Primary LanguagePython

Introduction

This DUPR data downloader pulls player and match history data for all players belonging to a club. This program pulls data form all the players that our players have played against even if they are not in the club, so the dataset can get pretty big.

The data is stored in a local sqlite3 database via SQLAlchemy (I am working on a Mac). This is my yet another attempt to master SQLAlchemy ORM.

After normalizing the data, I am using datasette to analyze the data. It is a great tool. Check it out!

Lots of more work to be done..

API Issues

Keeping a list of things I found. Note that this is NOT a public and supported API. I am just documenting it as I try different calls.

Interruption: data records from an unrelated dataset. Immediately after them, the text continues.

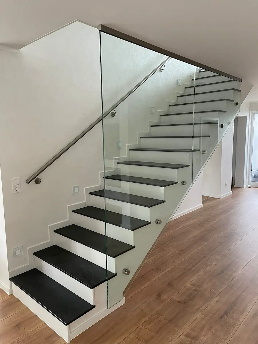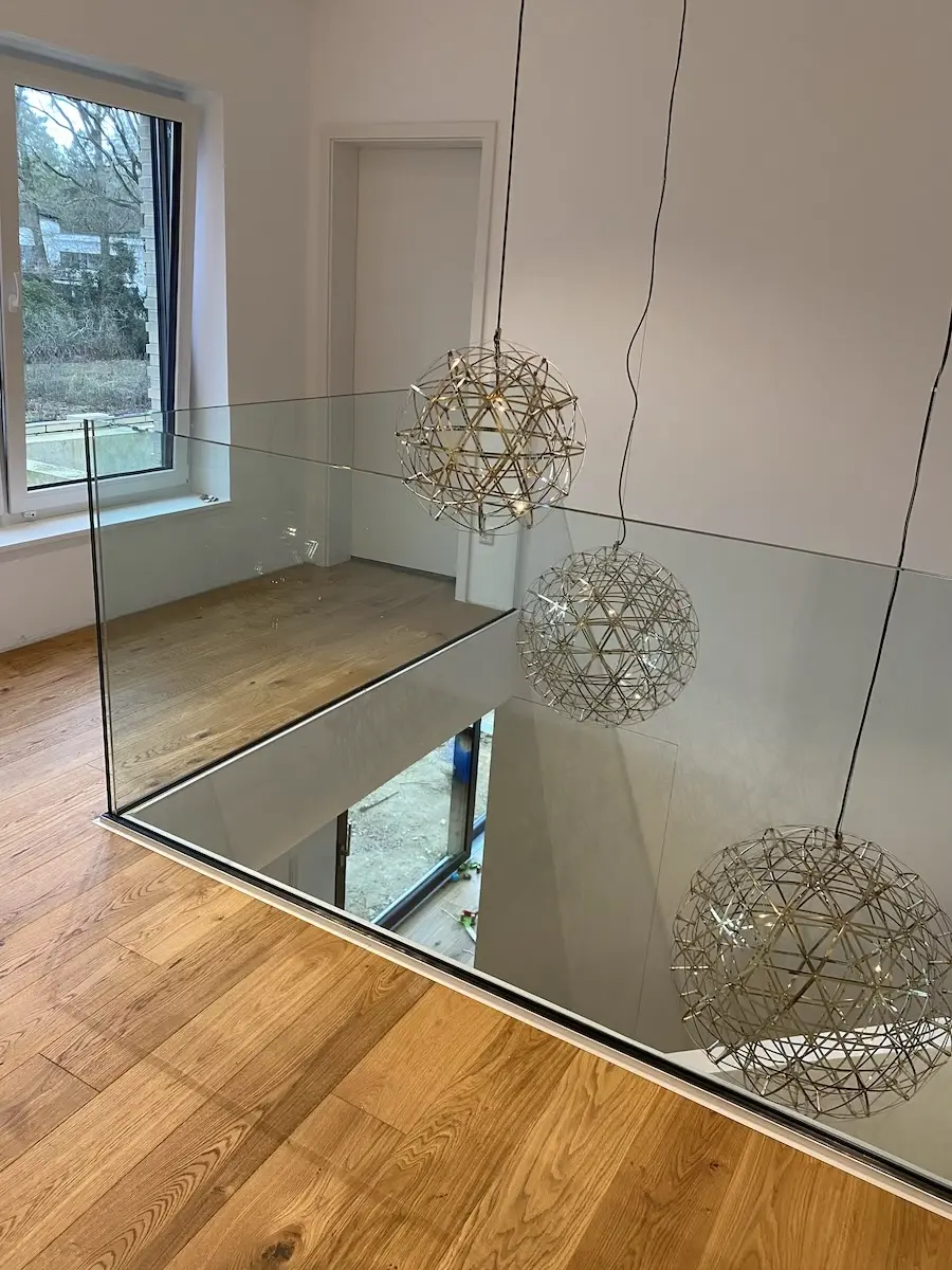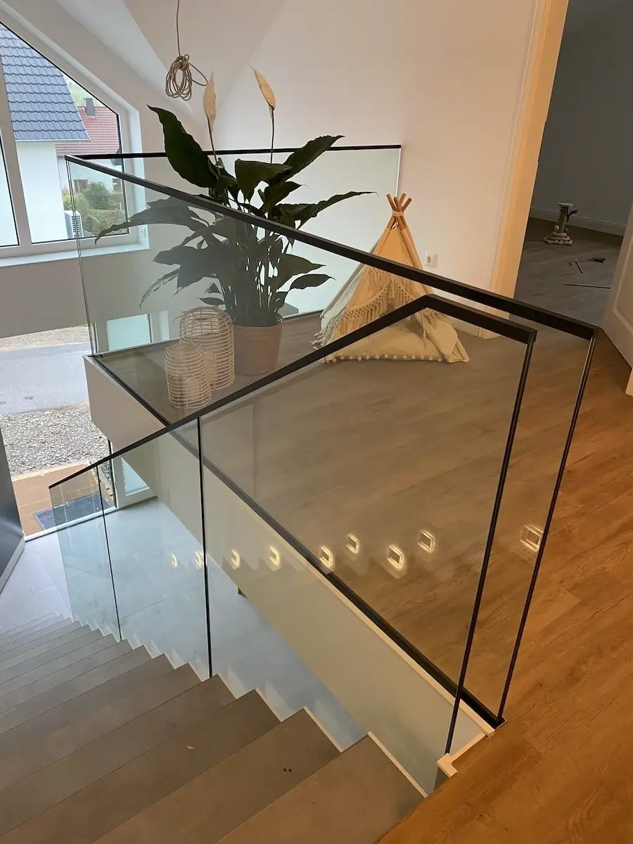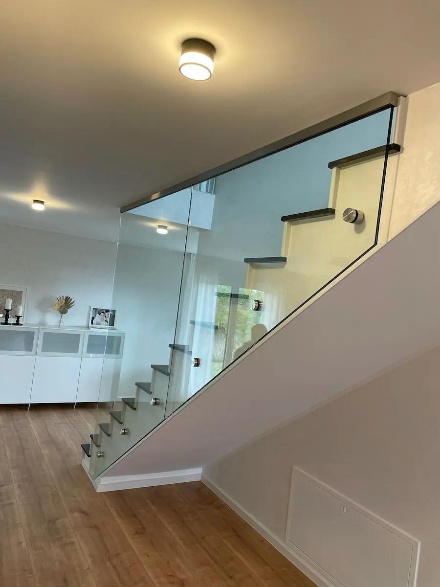 Ein Treppengeländer aus Glas verleiht jedem Treppenhaus eine moderne und elegante Note. Es sorgt nicht nur für die notwendige Sicherheit, sondern wird auch zu einem echten Design-Highlight. Wir fertigen Treppengeländer für jede Treppenform, egal ob geradläufig, gewendelt oder mit Podest. Dabei verwenden wir ausschließlich hochwertiges Verbundsicherheitsglas (VSG) und kombinieren es auf Wunsch mit Handläufen aus Edelstahl oder Holz. So entsteht eine harmonische Verbindung von Funktionalität und Ästhetik, die dein Zuhause aufwertet.
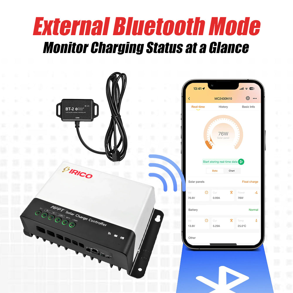 IRICO LC2430 Solar Charge Controller is a high-performance solution for advanced solar power systems, offering dual operating modes: charging priority and load priority. With an all-in-one design that supports multiple battery types, it simplifies installations while saving space and reducing wiring complexity. Equipped with MPPT technology, it delivers up to 99.9% efficiency, supporting two solar panels in series or more in parallel. External connections to an LCD screen, Bluetooth module, and GPRS module enable real-time monitoring and parameter adjustments. Designed for safety, it provides constant voltage output in 12V/24V, perfect for voltage-sensitive loads. Intelligent features include TTL, RS485 communication, and Bluetooth compatibility for seamless system management via a mobile app.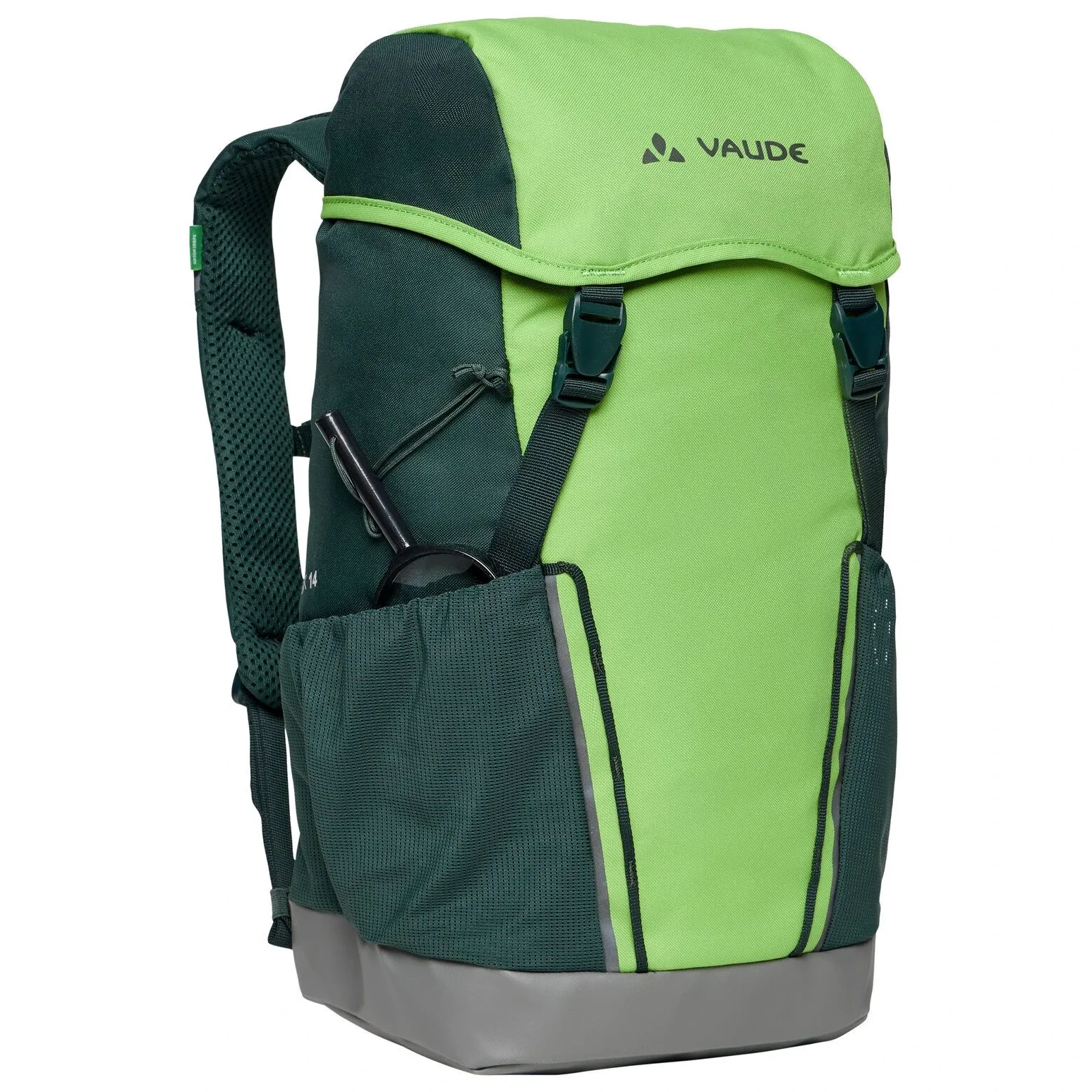Pohodlný dětský batoh Puck 14 značky Vaude je v této verzi ještě lépe přizpůsobený potřebám dětí. Má voděodolnou podlážku, takže se nemusíte obávat, když děti batoh postaví do mokra. Systém odpružení a nastavitelný hrudní popruh zajišťují to nejpohodlnější nošení. Součástí batohu je i pláštěnka a polstrovaná podložka na sezení. Batoh má dvě prostorné síťované vnější kapsy, reflexní potisk a kapsu ve víku na drobnosti. Malé objevitele potěší, že batoh Puck 14 má zabudovanou lupu. Tento batoh je vyroben z recyklovaného materiálu a je vyroben s Eco Finish, ekologickým vodoodpudivým materiálem bez použití fluorokarbonů (PFC).

  • Player call returns no DuprId field.
  • double (and singles?) rating is always returned in the ratings field, not the verified field even if the rating is verified according to the isDoublesVerified field
  • Match history calls returns teams with players but only minimal fields, and the players have a different type of DuprId

Design Issues

  • because different player data gets returned between the match calls and the player calls, saving a player, which is a composite object, is messy
  • don't yell at me for storing the user id and password in a plain text env file! Actually this is really bad practice - do not do it.

ToDo

  • fix the write_excel code -- which is still using the old tinyDB database interface
  • write tests!

SQLAlchemy notes

Selecting directly into list of objects

  • use session.scalar(select(Class).where().all()) instead of session.execute(...).scalars()
  • returning objects cannot be use outside of the session scope afterwards!!?

Joins and selecting columns

result = session.execute( ... select(User.name, Address.email_address) ... .join(User.addresses) ... .order_by(User.id, Address.id)

M-1 Foreign Key

  • in the child, store a FK field, but also
  • declare a relationship field that is for object level reference

''' class Rating(Base): ... player_id: Mapped[int] = mapped_column(ForeignKey("player.id")) player: Mapped["Player"] = relationship(back_populates="rating") '''